— EXERCISE DESCRIPTION —
In which lines of the data does the string "perfect" appear? Copy every one.

___ DATA ___

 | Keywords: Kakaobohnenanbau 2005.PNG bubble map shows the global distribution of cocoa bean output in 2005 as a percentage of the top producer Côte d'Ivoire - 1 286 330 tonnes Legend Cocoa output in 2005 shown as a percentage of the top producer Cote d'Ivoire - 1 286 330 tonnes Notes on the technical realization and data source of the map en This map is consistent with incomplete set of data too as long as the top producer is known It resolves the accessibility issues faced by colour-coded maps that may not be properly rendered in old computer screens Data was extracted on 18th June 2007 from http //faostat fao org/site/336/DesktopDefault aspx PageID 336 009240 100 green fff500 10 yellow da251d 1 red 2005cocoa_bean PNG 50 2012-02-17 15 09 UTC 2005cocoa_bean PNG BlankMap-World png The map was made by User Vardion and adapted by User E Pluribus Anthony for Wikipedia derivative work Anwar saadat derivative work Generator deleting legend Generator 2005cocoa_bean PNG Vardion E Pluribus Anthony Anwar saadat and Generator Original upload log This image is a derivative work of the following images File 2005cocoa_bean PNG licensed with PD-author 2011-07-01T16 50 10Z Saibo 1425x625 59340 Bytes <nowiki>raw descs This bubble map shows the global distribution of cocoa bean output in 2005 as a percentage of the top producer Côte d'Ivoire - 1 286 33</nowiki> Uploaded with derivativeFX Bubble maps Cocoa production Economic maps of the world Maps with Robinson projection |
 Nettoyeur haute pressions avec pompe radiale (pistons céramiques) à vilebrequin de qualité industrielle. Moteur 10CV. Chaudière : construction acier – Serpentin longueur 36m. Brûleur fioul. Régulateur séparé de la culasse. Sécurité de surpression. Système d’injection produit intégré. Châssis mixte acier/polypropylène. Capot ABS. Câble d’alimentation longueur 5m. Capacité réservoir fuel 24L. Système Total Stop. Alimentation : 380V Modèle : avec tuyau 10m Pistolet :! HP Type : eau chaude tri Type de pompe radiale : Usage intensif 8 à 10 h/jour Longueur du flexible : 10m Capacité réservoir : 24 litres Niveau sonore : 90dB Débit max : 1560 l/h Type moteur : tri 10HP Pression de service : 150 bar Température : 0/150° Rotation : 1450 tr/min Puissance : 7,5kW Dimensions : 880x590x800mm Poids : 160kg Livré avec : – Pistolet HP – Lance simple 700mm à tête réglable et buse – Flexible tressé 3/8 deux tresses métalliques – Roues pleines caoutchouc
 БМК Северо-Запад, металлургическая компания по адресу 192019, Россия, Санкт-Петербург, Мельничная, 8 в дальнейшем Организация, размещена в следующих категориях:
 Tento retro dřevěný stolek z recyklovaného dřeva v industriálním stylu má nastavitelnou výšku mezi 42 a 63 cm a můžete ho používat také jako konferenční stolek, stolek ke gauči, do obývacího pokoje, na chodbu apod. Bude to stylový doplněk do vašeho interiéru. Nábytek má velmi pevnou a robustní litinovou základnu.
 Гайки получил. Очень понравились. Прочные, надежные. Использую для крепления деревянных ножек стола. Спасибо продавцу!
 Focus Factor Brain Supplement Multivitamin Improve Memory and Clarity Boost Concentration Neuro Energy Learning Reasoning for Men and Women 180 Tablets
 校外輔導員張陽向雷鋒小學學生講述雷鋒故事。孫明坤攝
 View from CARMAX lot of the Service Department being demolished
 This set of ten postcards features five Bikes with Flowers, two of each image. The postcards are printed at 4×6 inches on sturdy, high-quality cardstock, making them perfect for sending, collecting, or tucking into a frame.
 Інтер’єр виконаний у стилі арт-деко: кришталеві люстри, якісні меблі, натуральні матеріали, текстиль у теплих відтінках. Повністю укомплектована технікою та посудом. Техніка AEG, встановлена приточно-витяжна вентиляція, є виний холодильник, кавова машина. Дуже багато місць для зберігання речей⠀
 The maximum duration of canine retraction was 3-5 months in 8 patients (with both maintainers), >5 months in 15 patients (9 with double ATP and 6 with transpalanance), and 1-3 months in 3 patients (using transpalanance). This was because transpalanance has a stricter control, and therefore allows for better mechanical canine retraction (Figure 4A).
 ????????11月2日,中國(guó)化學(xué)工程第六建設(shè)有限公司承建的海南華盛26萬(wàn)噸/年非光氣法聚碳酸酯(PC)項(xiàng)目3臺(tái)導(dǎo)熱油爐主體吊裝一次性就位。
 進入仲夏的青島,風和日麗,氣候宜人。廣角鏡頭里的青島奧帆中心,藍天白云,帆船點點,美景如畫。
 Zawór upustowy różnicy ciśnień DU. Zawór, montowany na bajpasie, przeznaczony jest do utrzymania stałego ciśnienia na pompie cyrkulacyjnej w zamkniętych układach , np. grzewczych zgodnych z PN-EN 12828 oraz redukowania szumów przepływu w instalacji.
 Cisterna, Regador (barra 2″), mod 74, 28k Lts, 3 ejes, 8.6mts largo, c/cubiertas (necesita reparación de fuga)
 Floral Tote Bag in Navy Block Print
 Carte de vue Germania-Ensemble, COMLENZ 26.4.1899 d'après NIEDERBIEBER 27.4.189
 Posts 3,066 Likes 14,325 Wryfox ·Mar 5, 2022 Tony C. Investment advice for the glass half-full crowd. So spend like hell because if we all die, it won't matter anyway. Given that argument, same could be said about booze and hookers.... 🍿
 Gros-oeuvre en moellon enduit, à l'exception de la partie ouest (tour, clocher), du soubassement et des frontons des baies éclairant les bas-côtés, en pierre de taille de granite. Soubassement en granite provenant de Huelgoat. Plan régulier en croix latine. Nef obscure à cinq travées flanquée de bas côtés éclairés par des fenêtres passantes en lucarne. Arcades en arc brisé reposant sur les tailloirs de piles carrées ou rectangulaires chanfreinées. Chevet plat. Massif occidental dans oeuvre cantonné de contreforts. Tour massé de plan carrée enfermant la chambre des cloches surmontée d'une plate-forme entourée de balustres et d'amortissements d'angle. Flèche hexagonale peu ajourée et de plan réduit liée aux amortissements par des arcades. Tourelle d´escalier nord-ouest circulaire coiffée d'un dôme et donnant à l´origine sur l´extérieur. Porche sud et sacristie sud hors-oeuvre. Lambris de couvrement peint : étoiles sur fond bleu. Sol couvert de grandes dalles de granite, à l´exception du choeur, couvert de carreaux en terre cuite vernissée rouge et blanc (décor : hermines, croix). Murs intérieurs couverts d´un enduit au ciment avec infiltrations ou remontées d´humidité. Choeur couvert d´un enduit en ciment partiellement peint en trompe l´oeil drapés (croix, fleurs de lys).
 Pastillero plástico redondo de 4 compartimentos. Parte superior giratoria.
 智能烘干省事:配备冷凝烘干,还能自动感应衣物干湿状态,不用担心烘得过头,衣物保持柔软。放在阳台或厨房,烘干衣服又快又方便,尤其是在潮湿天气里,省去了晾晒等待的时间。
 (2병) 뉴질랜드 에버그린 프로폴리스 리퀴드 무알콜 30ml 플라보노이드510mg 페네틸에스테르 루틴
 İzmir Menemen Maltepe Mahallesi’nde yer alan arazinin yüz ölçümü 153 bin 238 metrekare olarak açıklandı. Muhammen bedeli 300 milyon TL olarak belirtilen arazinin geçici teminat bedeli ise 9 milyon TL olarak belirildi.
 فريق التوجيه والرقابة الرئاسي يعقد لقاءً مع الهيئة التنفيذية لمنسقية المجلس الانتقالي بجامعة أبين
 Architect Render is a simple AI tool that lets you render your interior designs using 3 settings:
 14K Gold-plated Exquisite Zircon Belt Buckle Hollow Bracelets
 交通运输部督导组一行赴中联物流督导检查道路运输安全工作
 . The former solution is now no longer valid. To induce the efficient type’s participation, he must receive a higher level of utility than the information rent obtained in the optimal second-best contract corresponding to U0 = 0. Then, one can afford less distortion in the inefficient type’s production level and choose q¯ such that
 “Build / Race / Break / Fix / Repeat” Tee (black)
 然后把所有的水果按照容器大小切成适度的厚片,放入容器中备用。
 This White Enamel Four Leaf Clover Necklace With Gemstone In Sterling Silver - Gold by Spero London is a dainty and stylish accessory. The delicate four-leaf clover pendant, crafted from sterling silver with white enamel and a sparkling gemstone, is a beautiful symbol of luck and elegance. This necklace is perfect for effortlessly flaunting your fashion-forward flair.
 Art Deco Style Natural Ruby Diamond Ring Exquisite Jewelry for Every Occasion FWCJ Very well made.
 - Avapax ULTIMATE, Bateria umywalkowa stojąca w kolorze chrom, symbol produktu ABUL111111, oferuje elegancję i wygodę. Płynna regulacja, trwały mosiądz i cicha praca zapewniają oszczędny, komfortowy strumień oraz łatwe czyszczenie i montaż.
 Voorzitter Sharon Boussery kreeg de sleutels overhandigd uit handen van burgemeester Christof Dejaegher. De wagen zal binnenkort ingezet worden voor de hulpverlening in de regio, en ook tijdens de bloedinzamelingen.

___

— EXERCISE RESPONSE —
 This set of ten postcards features five Bikes with Flowers, two of each image. The postcards are printed at 4×6 inches on sturdy, high-quality cardstock, making them perfect for sending, collecting, or tucking into a frame.
 This White Enamel Four Leaf Clover Necklace With Gemstone In Sterling Silver - Gold by Spero London is a dainty and stylish accessory. The delicate four-leaf clover pendant, crafted from sterling silver with white enamel and a sparkling gemstone, is a beautiful symbol of luck and elegance. This necklace is perfect for effortlessly flaunting your fashion-forward flair.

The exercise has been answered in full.